Loehle Temperature Reconstruction

The Loehle Temperature Reconstruction is a narrowly scoped loosely constructed picture that due to its limitations, is deceptive in its depiction of past climate. When placed in context of more strongly validated science it’s weaknesses become more obvious. In that sense, one may go as far as to say the paper, in and of itself, is scientifically inappropriate with regard to what it is claimed to represent.

Loehle Temperature Reconstruction

Loehle Temperature Reconstruction

The most important point in understanding past climate is that single assessments and narrowly scoped research is not sufficient to understand the big picture of climate.

The Loehle temperature reconstruction is inadequate in its assessment and results. The simple fact that his chart is now out there without proper context is a distraction to the relevant contextual science that has survived peer response. Peer review is necessary but not sufficient when examining the validity of data. Loehles work does not hold up to peer response.

“Loehle has issued a correction that fixes the more obvious dating and data treatment issues, but does not change the inappropriate data selection, or the calibration and validation issues.”
– Gavin Schmidt NASA/GISS

What this indicates is that Loehle is willing to leave his flat earth proposal out there for denialists to use to support scientifically unsupportable positions. But in reality it is a paper that will fade into the oblivion of irrelevant science.

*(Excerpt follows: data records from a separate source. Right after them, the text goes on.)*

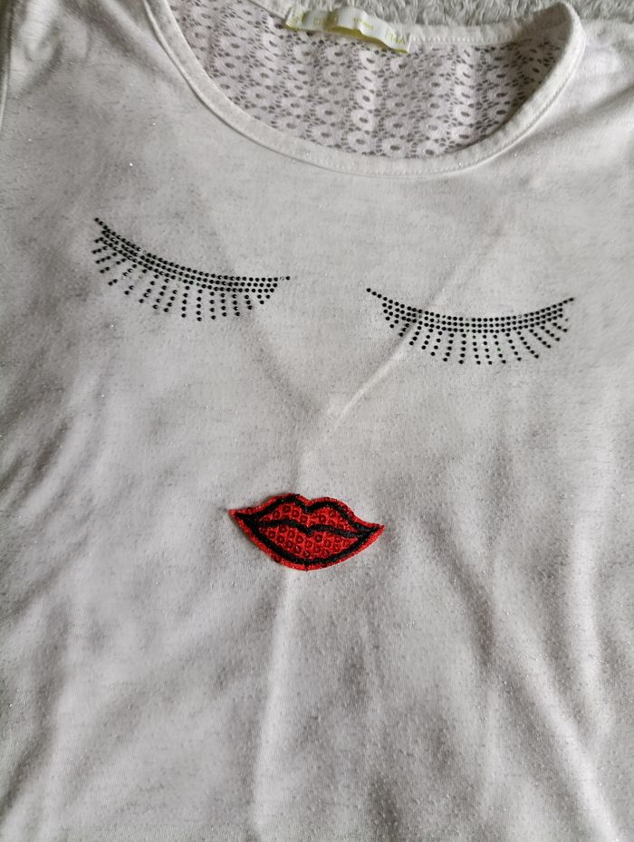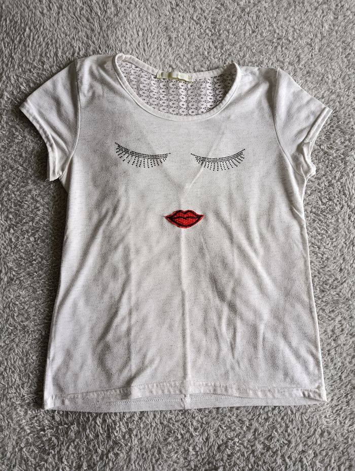 Motif visage original avec yeux fermés en strass 💋 Bouche rouge brillante cousue ✨ Détail féminin et tendance Parfait pour un look casual avec jean, short ou jupe 👖 Facile à porter au quotidien ou pour le collège. 📏 Taille : 14 ans 🎨 Coloris : blanc 🧵 Matière douce et agréable à porter 👌 Coupe confortable 👉 Très bon état 👉 Envoi rapide 📦 👉 Retrouvez d’autres articles ado dans mon dressing
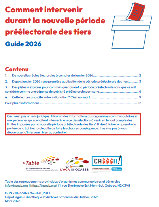 Dans le cadre de mon travail pour la Table des regroupements provinciaux d’organismes communautaires et bénévoles j’ai rédigé un guide pour aider les organismes communautaires autonomes du domaine de la santé et des services sociaux (OCASSS), et l’ensemble des groupes communautaires autonomes, à s’y retrouver dans les nouvelles règles électorales en vigueur depuis janvier 2026.
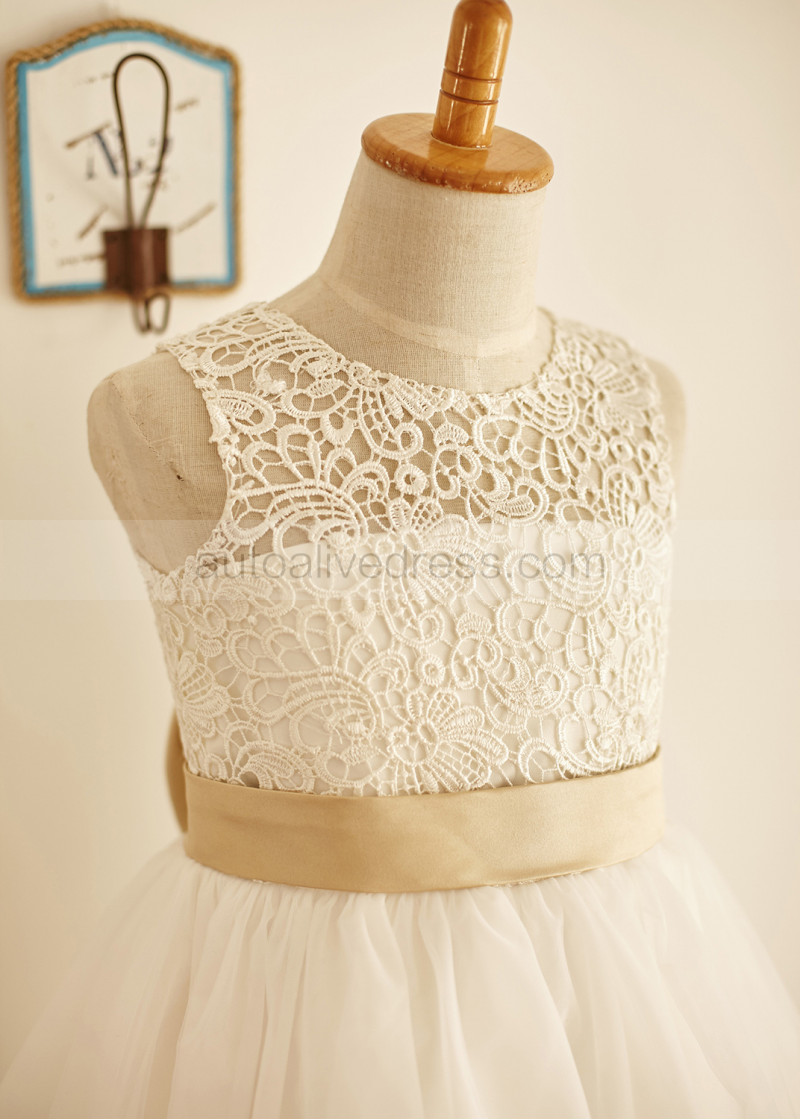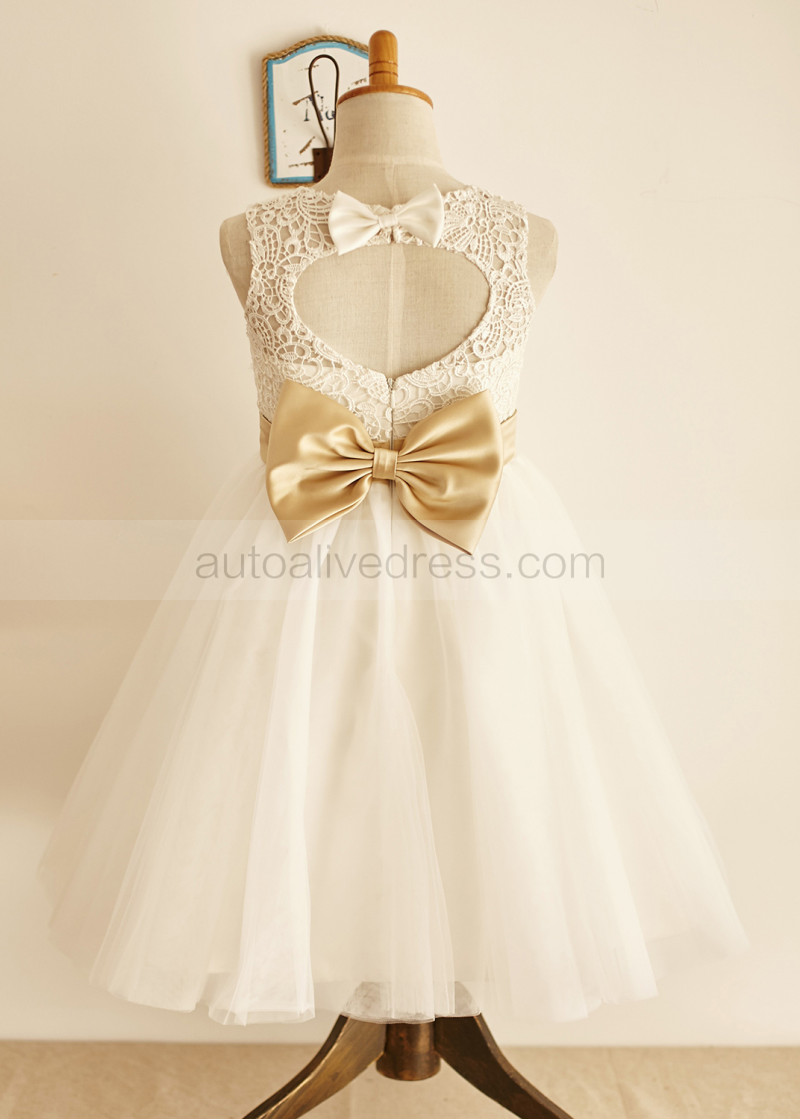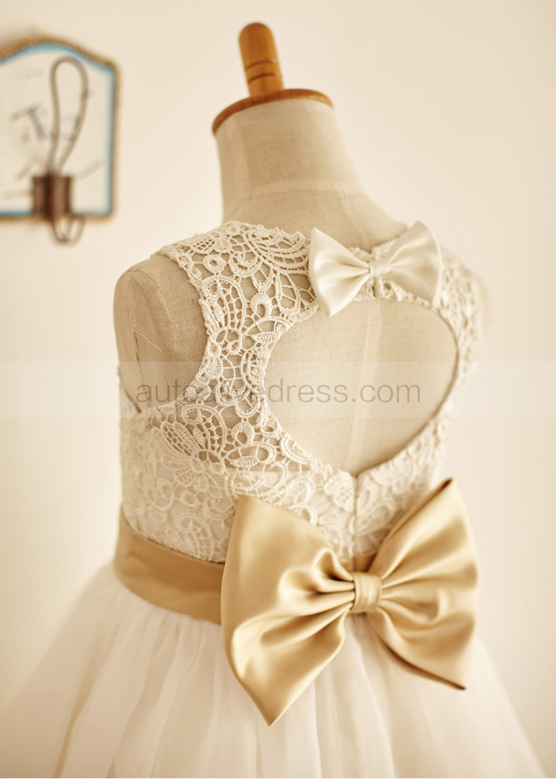 Ivory Lace Tulle Keyhole Back Flower Girl Dress With Bows
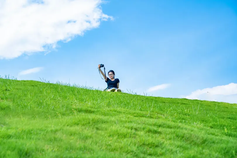 嫩绿的草甸像动漫里的场景! 📍位置:杭州青山湖
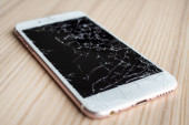 Rozbity telefon z pęknięciem na szkle wyświetlacza
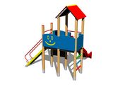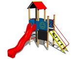 2x tower, slide, A-shaped roof, drawing board, sloping ramp with steps and metal handles, 4x barrier from HDPE, abacus. More information
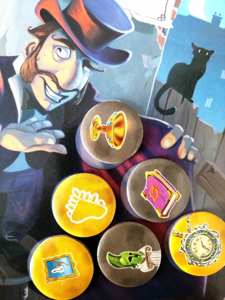 ° Ils défaussent au centre de la table les butins requis par un marché noir et peuvent récupérer soit une carte disponible de ce marché soit un jeton « objet d’art » disposé sur celui-ci.
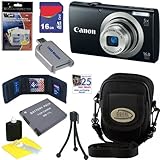 Can Canon PowerShot A2300 16.0 MP Digital Camera with 5x Digital Image Stabilized Zoom (Black) + NB-11L Battery + 16GB Deluxe Accessory Kit
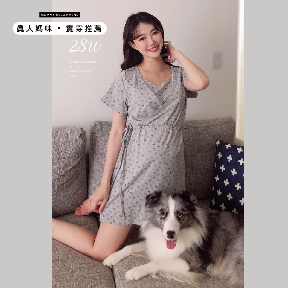 Mamamia孕婦裝 印花綁帶側掀哺乳洋裝 M~L 喂奶衣 連衣裙 短袖 哺乳衣 月子服 孕婦裝 [A1138]
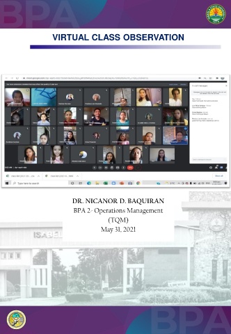 VIRTUAL CLASS OBSERVATION DR. NICANOR D. BAQUIRAN BPA 2- Operations Management (TQM) May 31, 2021
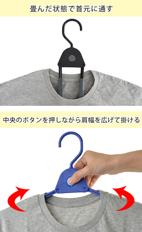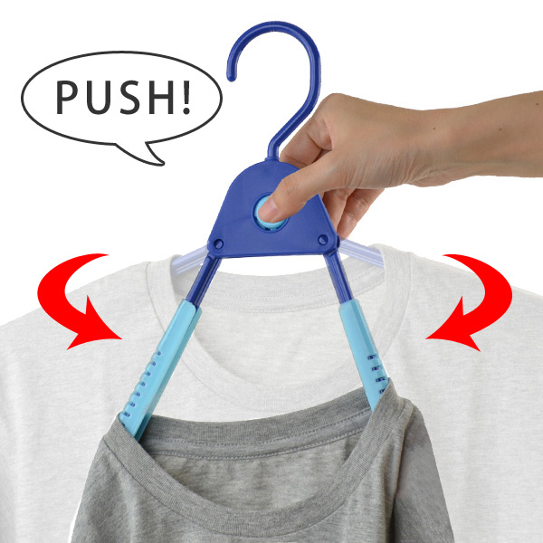 ![]() 首元を伸ばさずにシャツが掛けられる!ハンガーを衣類に通してから広げて掛けられるので、衣類の首元を伸ばしません。 ワンプッシュでサッと外せる!中央のボタンをワンプッシュするとアーム部分がサッと畳まれるので、洗濯の取り込み時もハンガーからすぐに外せます。 ![]() | ||
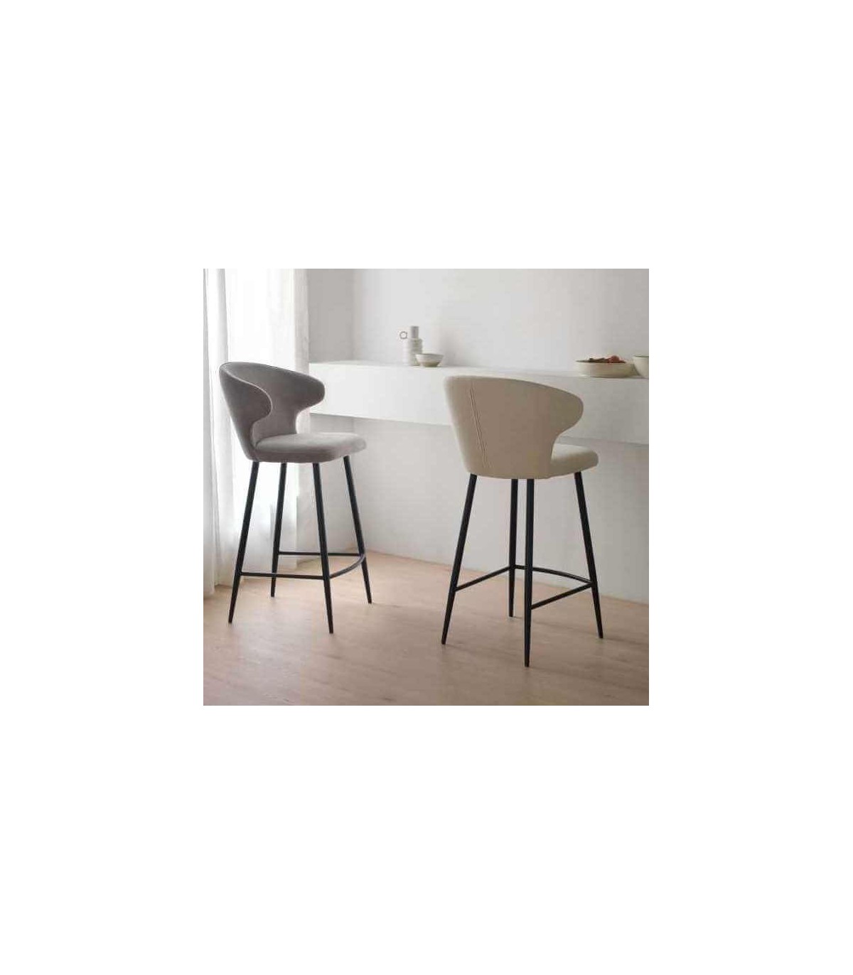 🪑 Set 2 taburetes para Barra en Chenilla Beige y Metal Negro – Estilo Contemporáneo y Elegante ✨
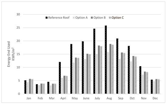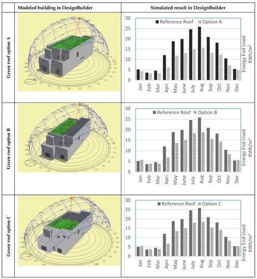Figure 5 summarizes the results of the simulated energy performance of the base case model and the green roof options. It can also be observed that energy consumption increases in April, May, June, July, August, September, and October due to increasing solar radiation in these months. The total yearly energy consumed by the base case model (without the vegetative layer) is 169.2 kWh/m2 per annum, while green roof option A gives a total annual energy consumption of 110 kWh/ m2 and, thus, a reduction of 35%. The Option B consumes a total energy of 126 kWh/m2 per year with an estimated energy reduction of 25%, while the option C consumes a total energy of 128 kWh/m2 annually and, thus, an energy reduction of 24%.

In the mean time, it wil be used by denialists of AGW to make false claims.

Let’s take a look at what Loehle’s paper is based on, and what relevant climates scientists look at when evaluating past climate temperatures from ‘Past reconstructions: problems, pitfalls and progress

“These encompass tree ring width, density and isotopes, some ice cores, corals, and varved lake sediments. The next most useful set of data are sources that have up to decadal resolution but that can still be dated relatively accurately. High- resolution ocean sediment cores can sometimes be found that fit this, as can some cave (speleothem) records and pollen records etc.”
– Gavin Schmidt NASA/GISS

and

“The Loehle paper was published in Energy and Environment – a journal notable only for its rather dubious track record of publishing contrarian musings. The reconstruction itself is based on a network of 18 records that are purportedly local temperature proxies, and we will use those as examples in the points below. More discussion of this paper is available here.”
– Gavin Schmidt NASA/GISS

Overall, the data concentrated on by Loehle seems to have low resolution which does not allow more accurate assessment. He used averages to represent data points. Times scales were misrepresented without reasonable context, he used proxy data with short period calibration with no validating data, he used out of date data, he composited data with different averaging periods, different spatial representation and noise levels and seems to have assigned weighting in a random pattern out of context to better validated reconstructions… all in all a very confused assessment.

To be fair it is difficult to reconstruct past climate, but Loehle seems to have scoped his assessment based on randomness rather than validated proxies. The lack of alignment in time is also a problem.

“What does this imply for Loehle’s reconstruction? Unfortunately, the number of unsuitable series, errors in dating and transcription, combined with a mis-interpretation of what was being averaged, and a lack of validation, do not leave very much to discuss. Of the 18 original records, only 5 are potentially useful for comparing late 20th Century temperatures to medieval times, and they don’t have enough coverage to say anything significant about global trends. It’s not clear to me what impact fixing the various problems would be or what that would imply for the error bars, but as it stands, this reconstruction unfortunately does not add anything to the discussion.”
– Gavin Schmidt NASA/GISS

Summary

It is important to state that if a scientist limits the scope of his analysis, narrows his view, or simply does not include the known relevant factors and scope, he/she can prove almost anything wrong based on such limitation … even that the earth is flat. But in the big picture we know the earth is round and such limited analysis should be ignored. The incorrect nature of the Loehle temperature reconstruction is a disservice to the public and to science in general. One must wonder as to why he would ignore the relevant science?

Climate science is about the ‘big picture’ based on all the ‘little pictures’, not the little picture ignoring the big picture.